• **What is required**
All of the lines below need to be copied exactly, apart from the pictures.

• **Dataset records**
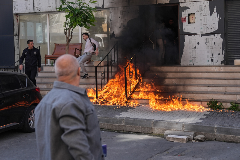 Ekipler, binanın çevresini güvenlik şeridiyle kapatırken, oluşan küçük çalı yangını itfaiye ekiplerince söndürüldü.
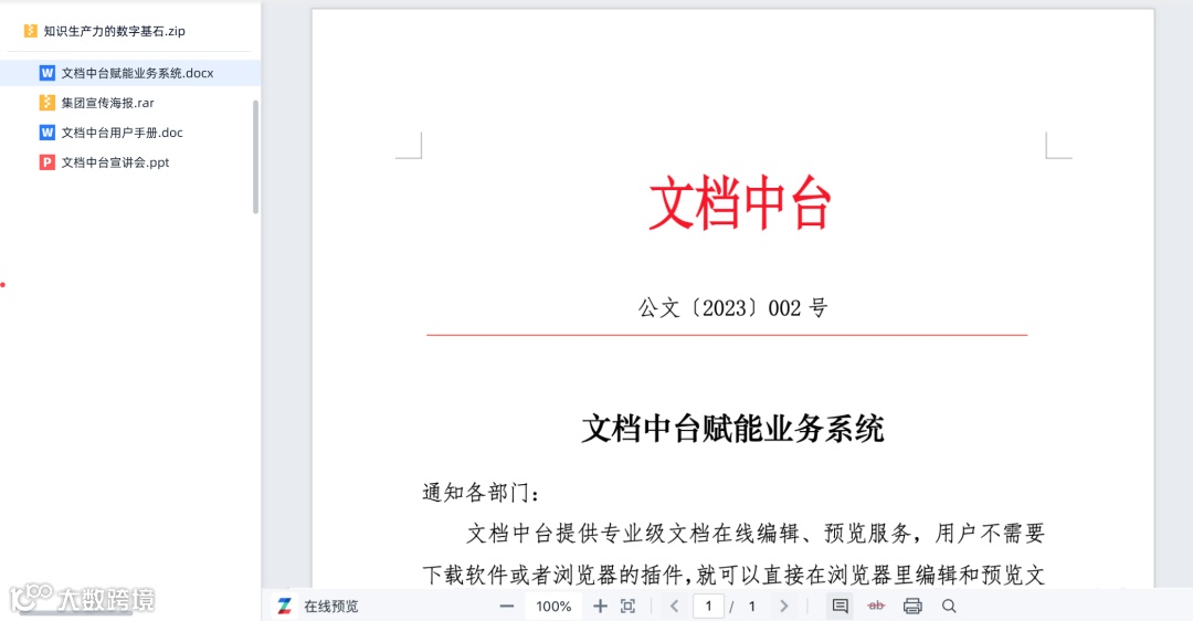 Filez文档中台-集成版支持压缩包文件预览功能,同时支持压缩包内的文档,用户无需下载即可将压缩包内的文件正常作为文件预览,摆脱了用户对本地端压缩软件的依赖。
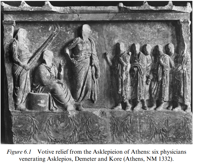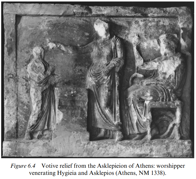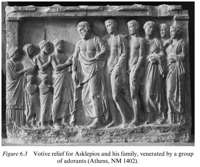 “But this remarkable trend towards rendering Asklepios as similar to an Attic citizen goes even further. In a relief from the Athenian Asklepieion the god is not sitting upright, as usual (Fig. 6.4).”
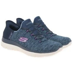 Crafted from vegan materials, the Skechers Slip In Summits Womens Trainers feature fixed stretch laces and a cushioned Skechers Air-Cooled Memory Foam insole for a lasting and comfortable fit. Offering increased ease-of-wear, their exclusive Heel Pillow design holds your foot securely in place throughout the day.
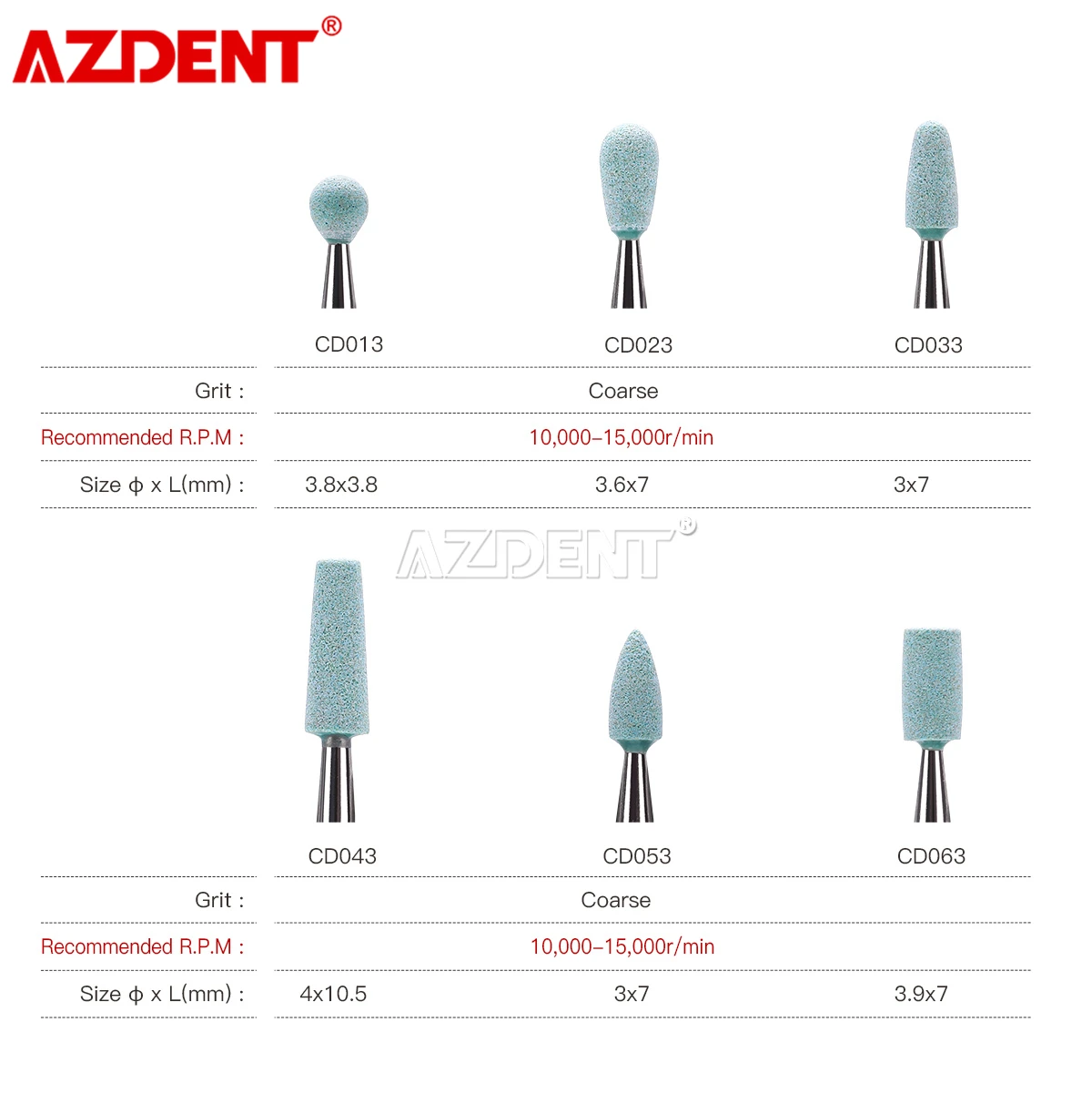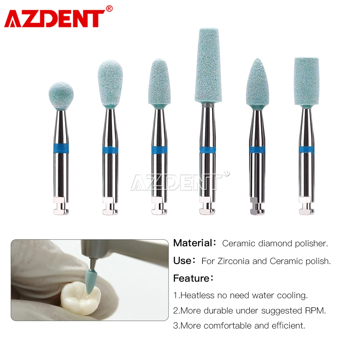 AZDENT Dental Ceramic Diamond Polishing Head Polisher Stone Grinder Zirconia Porcelain Coarse Grit Shank Diameter RA 2.35mm

• **Answer below**
 Ekipler, binanın çevresini güvenlik şeridiyle kapatırken, oluşan küçük çalı yangını itfaiye ekiplerince söndürüldü.
 Filez文档中台-集成版支持压缩包文件预览功能,同时支持压缩包内的文档,用户无需下载即可将压缩包内的文件正常作为文件预览,摆脱了用户对本地端压缩软件的依赖。
 “But this remarkable trend towards rendering Asklepios as similar to an Attic citizen goes even further. In a relief from the Athenian Asklepieion the god is not sitting upright, as usual (Fig. 6.4).”
 Crafted from vegan materials, the Skechers Slip In Summits Womens Trainers feature fixed stretch laces and a cushioned Skechers Air-Cooled Memory Foam insole for a lasting and comfortable fit. Offering increased ease-of-wear, their exclusive Heel Pillow design holds your foot securely in place throughout the day.
 AZDENT Dental Ceramic Diamond Polishing Head Polisher Stone Grinder Zirconia Porcelain Coarse Grit Shank Diameter RA 2.35mm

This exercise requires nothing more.